传统的 static batching 会等待一个 batch 中所有请求完成才开始处理下一批。Continuous batching（也称 iteration-level batching）在每个解码步骤级别动态调度请求：

已完成的请求立即被释放
新请求可以在任意解码步插入
GPU 利用率显著提升

Speculative Decoding（投机解码）

使用一个小而快的"草稿模型"快速生成多个候选 token，然后用大模型并行验证这些 token 的正确性。

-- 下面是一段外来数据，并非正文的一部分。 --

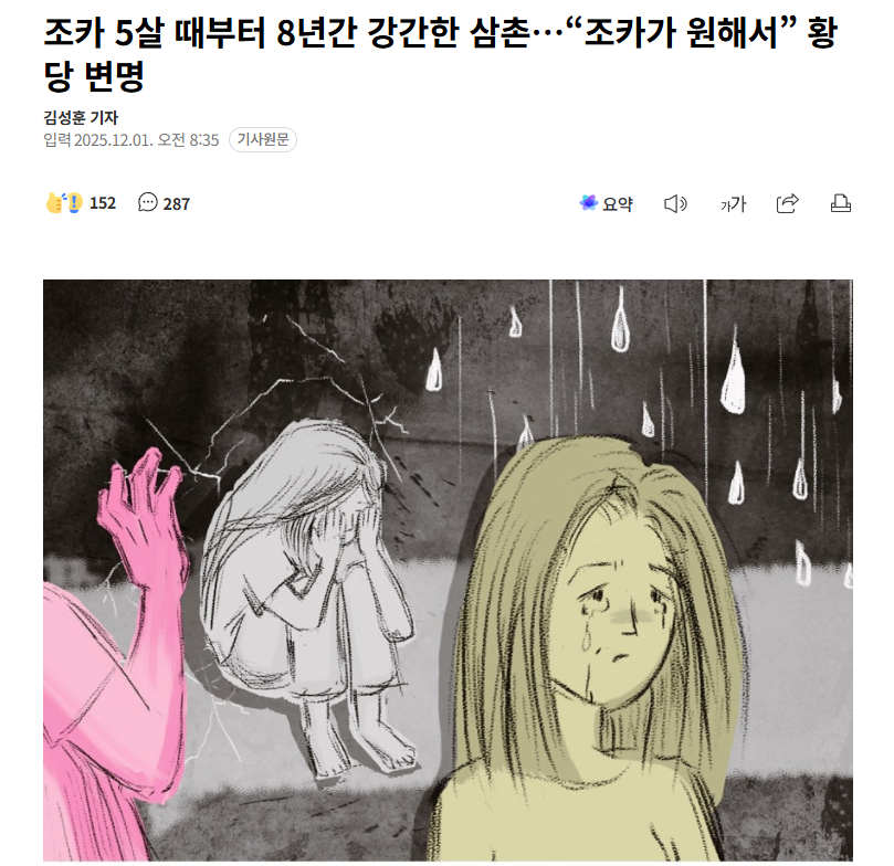 【韩国男子性侵年幼外甥女长达8年,荒唐辩解称“是外甥女自己愿意的”】海外新鲜事热点现场 韩国一名性侵5岁外甥女长达8年的男性被判处有期徒刑。据法律界1日消息,议政府地方法院南杨州分院第1刑事庭近期对因违反《关于性暴力犯罪处罚等特例法》等嫌疑被移交审判的A某,判处有期徒刑15年,并命令其完成80小时的性暴力治疗课程。A某因涉嫌从外甥女B某年满5岁的2016年开始,到去年6月为止,在约8年时间里对其进行习惯性地性侵而被起诉。调查显示,A某作为B某的实际监护人,利用其优势地位长期持续犯罪。他在罪行暴露后,甚至辩称“是外甥女自己愿意,我只是帮忙”,完全没有表现出反省的态度。金庭长法官指出:“被告人将连性行为意义都不懂的外甥女作为性发泄的手段”,“犯罪性质极其恶劣,罪责深重。” 同时表示:“受害者至今仍承受着相当大的精神痛苦,这种受害经历很可能对其健康成长和形成健康的性价值观产生负面影响”,“对被告人必须予以与其罪责相适应的严厉惩罚,这一点不可避免。”

在不改变输出分布的前提下，可实现 2-3 倍的加速。

# Hugging Face 中使用投机解码
from transformers import AutoModelForCausalLM, AutoTokenizer

# 大模型（验证）
model = AutoModelForCausalLM.from_pretrained("meta-llama/Llama-2-70b-hf")
# 小模型（草稿）
assistant_model = AutoModelForCausalLM.from_pretrained("meta-llama/Llama-2-7b-hf")
tokenizer = AutoTokenizer.from_pretrained("meta-llama/Llama-2-70b-hf")

inputs = tokenizer("The future of AI is", return_tensors="pt")
outputs = model.generate(
    **inputs,
    assistant_model=assistant_model,
    max_new_tokens=100,
    do_sample=False,
)

FlashAttention

FlashAttention 通过 IO-aware 的分块算法优化 attention 计算，减少 GPU HBM（高带宽内存）和 SRAM（片上内存）之间的数据传输。

核心思想：

将 Q、K、V 分块加载到 SRAM
在 SRAM 中完成 attention 计算
使用 online softmax 技术避免全局 softmax
避免将完整的 attention 矩阵写回 HBM

FlashAttention-2 在此基础上进一步优化了并行性和工作分配。

# PyTorch 2.0+ 原生支持
import torch.nn.functional as F

# 使用 scaled_dot_product_attention（自动选择最优实现）
output = F.scaled_dot_product_attention(
    query, key, value,
    attn_mask=mask,
    is_causal=True,   # 因果 attention mask
    dropout_p=0.0,
)

并行策略

Tensor Parallelism（张量并行）

将单个层的权重矩阵沿特定维度切分到多个 GPU 上，每个 GPU 计算部分结果后进行 All-Reduce 通信。适合单机多卡，延迟敏感场景。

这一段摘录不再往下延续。